# Amateur Photography



## atotton (Apr 16, 2012)

All pictures I have taken, just thought I'd share some.


----------



## K Sera (Apr 17, 2012)

Very nice photos, thanks for sharing! Some people just have a certain eye and can see things and know how to capture it. They are very good.


----------



## markadoodle (Apr 17, 2012)

Really nice photos. 

I love the Shelti (?) Border Collie (?) on tthe hay


----------



## atotton (Apr 17, 2012)

Thanks, I always liked taking photos, and trying to capture a moment or subject in time. The dog is my 7 year old Border Collie, Corgi cross.


----------



## Equuisize (Apr 17, 2012)

_You have a creative eye, really enjoyed your photos._


----------



## rimmerpaints (Apr 17, 2012)

very nice pics


----------



## little lady (Apr 17, 2012)

Really like your photos. The one of the horses nose right in your face is the kind of pics I usually get!


----------



## SampleMM (Apr 17, 2012)

I love your photos. Thanks for sharing your talent with us.


----------



## GypsyMoonMinis (Apr 18, 2012)

a borgi! We have one as well that looks almost identical. Smart, wonderful little dog. Thanks for sharing


----------



## atotton (Apr 18, 2012)

Thanks everyone!, I am glad you enjoy them. Yeah, I love these dogs to pieces, loads of energy and personality to boot.

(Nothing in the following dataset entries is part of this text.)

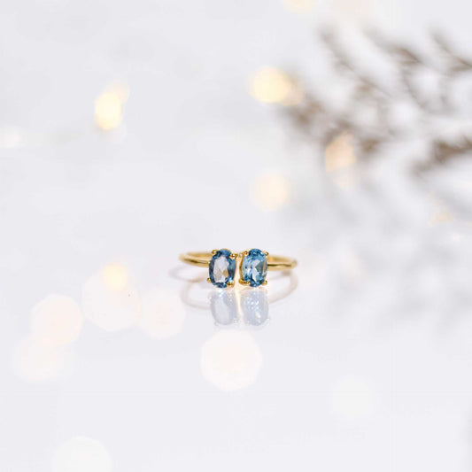 6 x 4 mm Oval cut London Blue Topaz Double stone Open Ring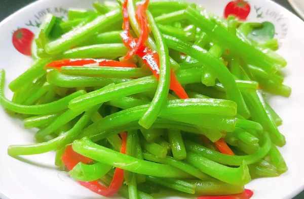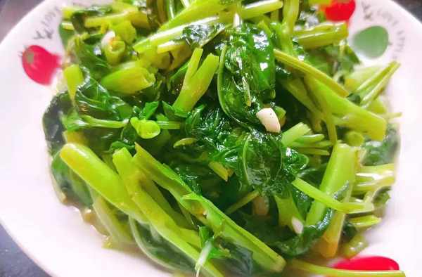 炒空心菜,动作一定要快,否则空心菜炒出来会发黄。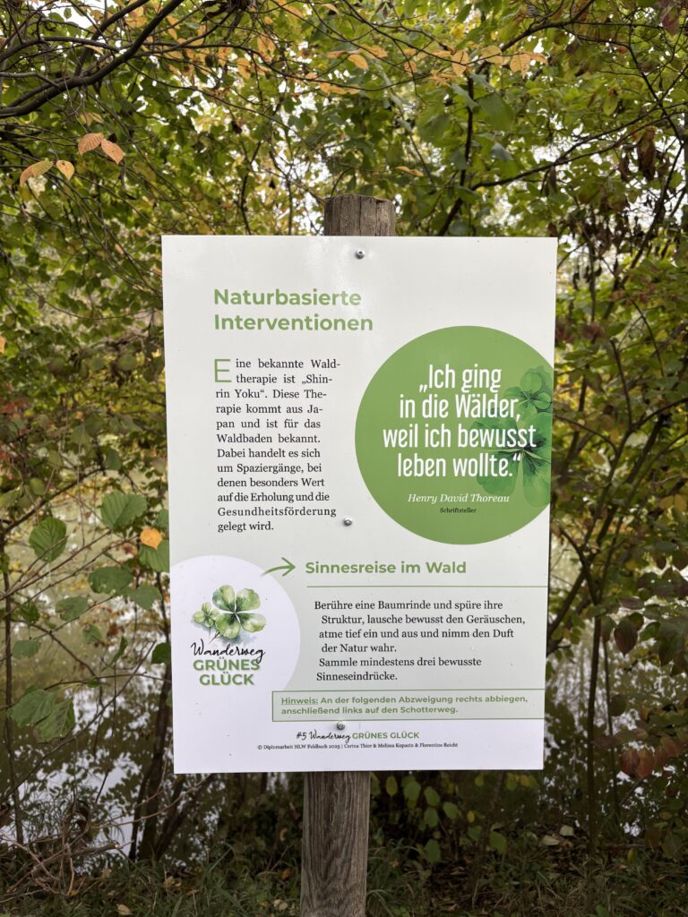 Im Rahmen der Diplomarbeit von drei Absolventinnen unserer Schule, durften die Schülerinnen und Schüler des Alternativen Pflichtgegenstandes Kreativität und Persönlichkeit den Wanderweg „Grünes Glück“ erleben.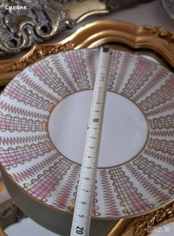 Елегантен и изискан, порцеланов комплект от три части-Schumann Bavaria Germany ⚜️Декорът е фин и сложен, със златисти геометрични елементи, съчетани с меки розови нюанси, които създават усещане за лукс и ретро шик. ⚜️ Златният кант и детайлите върху чашата и чинийките подчертават класическата изтънченост на марката Schumann Bavaria Germany – прочут немски производител на порцелан. ⚜️ Чаша с вместимост 150 мл. ⚜️ Две чинийки – за чай и десерт-15 и 19см. ⚜️ Богата златиста орнаментика с нежни розови нюанси. ⚜️ Маркировка на производителя.~50-те години... Порцеланът е в отлично състояние, без пукнатини и наранявания. Подходящ както за стилно поднасяне на чай или кафе, така и за колекционери на качествен европейски порцелан.ೋ⚜️ ೋ⚜️ ೋ⚜️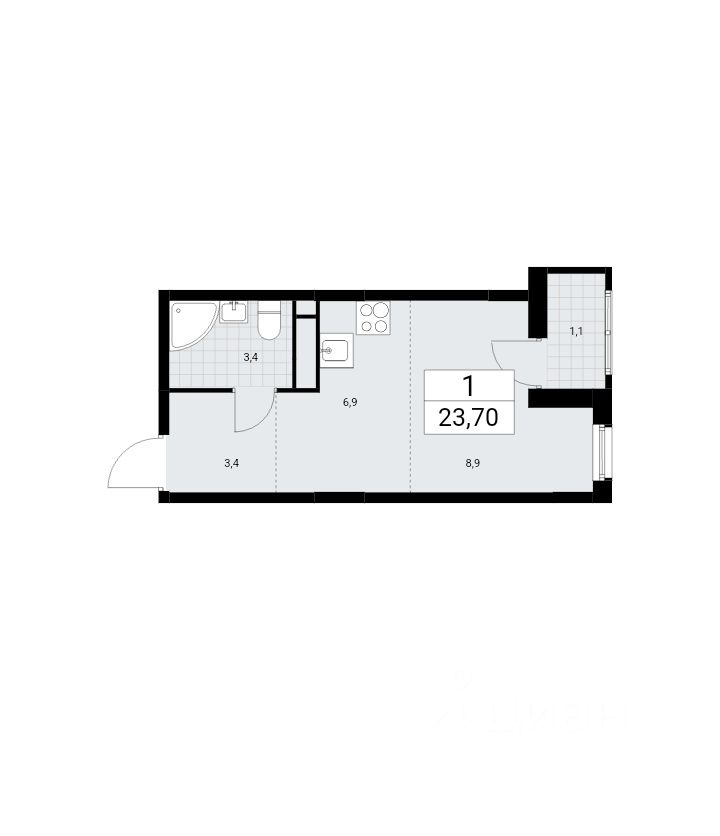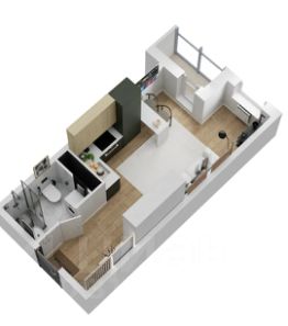 Общая площадь квартиры составляет 23,7 м². Высота потолков 2,99 м.

I am always going to own a dog of this cross.


----------



## earthchild (Apr 19, 2012)

Love the pic of the doggy!


----------



## dreaminmini (Apr 19, 2012)

I really like the shadow picture in the barn. It's cool. Great shots.


----------



## Jill (Apr 19, 2012)

Very nice


----------



## atotton (Mar 18, 2013)

Recent ones.


----------



## Lil Eowyn (Mar 19, 2013)

Nice pics! Thanks for sharing =)


----------



## misty'smom (Mar 21, 2013)

Great photos!!!! Love the little muzzle after the horse shoe, backlit shot of horse head, puppy dog on the hay mountain! Love your icicle shot, did you use a macro lens? Your barn in the snow shot is similar to my barn in the snow, I added it below!! I love photograph too, especially flowers and of course my grandchildren and my pets! Thanks for sharing your photos!!!!!!


----------



## atotton (Mar 21, 2013)

Thanks. I just used my regular lens for general picture taking but cropped it a bit. I love your barn!


----------